Trillin on Texas by Calvin Trillin |
By Christopher Borrelli, Tribune Newspapers
The way to approach Texas is from space — you see the United States, the land mass south of everything looms up at the bottom of the country, Oklahoma rushes past, the sky gets dusty, boom, you're in a used-car lot outside Dallas, humid. Texas is so daunting, I always think of Texas as a used-car lot and always imagine it from space. Which, you gather from "Trillin on Texas" (University of Texas Press, $22), is how Calvin Trillin, the longtime New Yorker writer, sees Texas — as a vast tan pancake only understood by homing close, pulling back, then diving back, then leaving. If you have never been to Texas, "Trillin on Texas" will not give you directions to Houston or point you to a Mexican breakfast. But it will, as only an outsider can do, reveal its character.

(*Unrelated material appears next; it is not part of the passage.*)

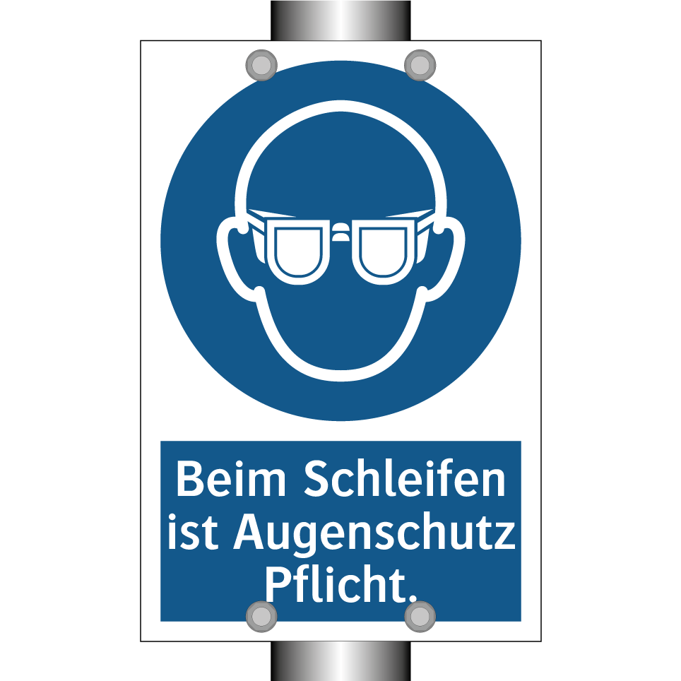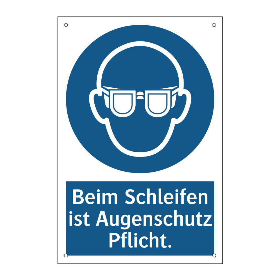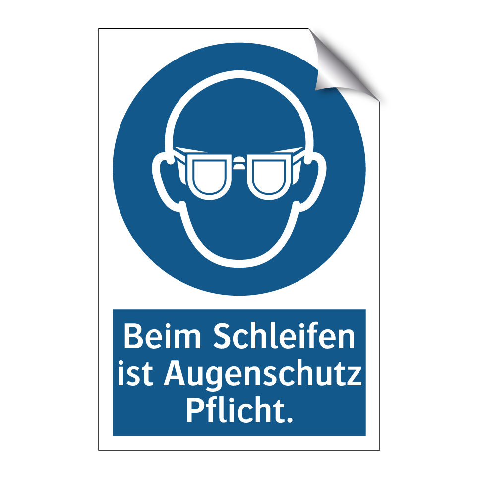 Gebotsschild mit dem Text Beim Schleifen ist Augenschutz Pflicht.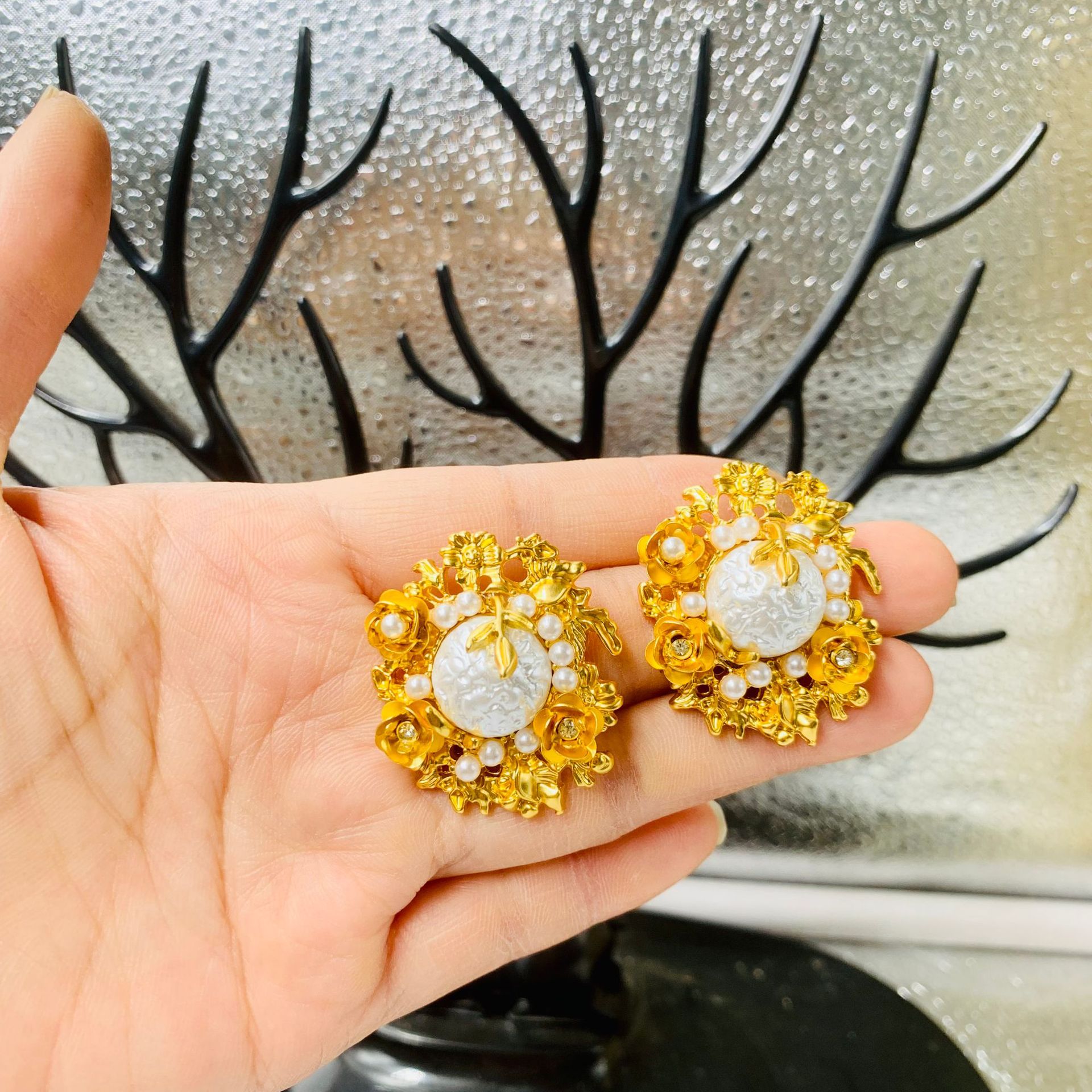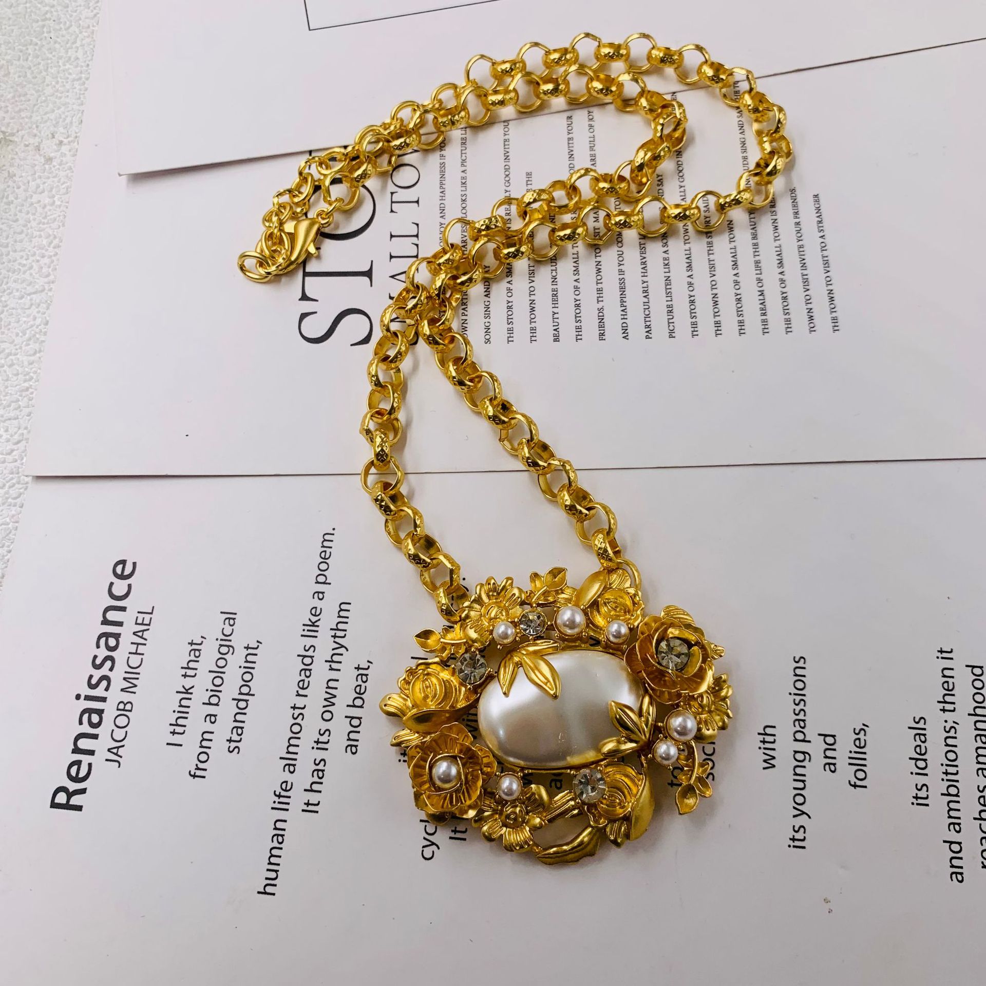 Bộ hoa cổ điển thời trung cổ Bộ vòng cổ hoa ngọc trai chạm khắc ba chiều bằng vàng thật chất lượng cao

"On weekends, Robert Donnell likes to take the country roads," Trillin writes in "Knowing Johnny Jenkins," a New Yorker piece from 1989. "When he travels between Beaumont and Austin, where his children live with his ex-wife, he often finds himself on Farm-to-Market 969, which cuts through rich pastureland along the Colorado River east of Austin." The story, one of Trillin's best, and a showstopper in a compilation of shrewdly picked tales, meanders like that a bit, touching on the Colorado, the Humpback Bridge, a boat ramp — it's as pleasantly rambling as a Texas drive, only to stop short at an abandoned Mercedes and a book dealer found nearby, shot in the head, a twist as unexpected as any in this large, complicated place.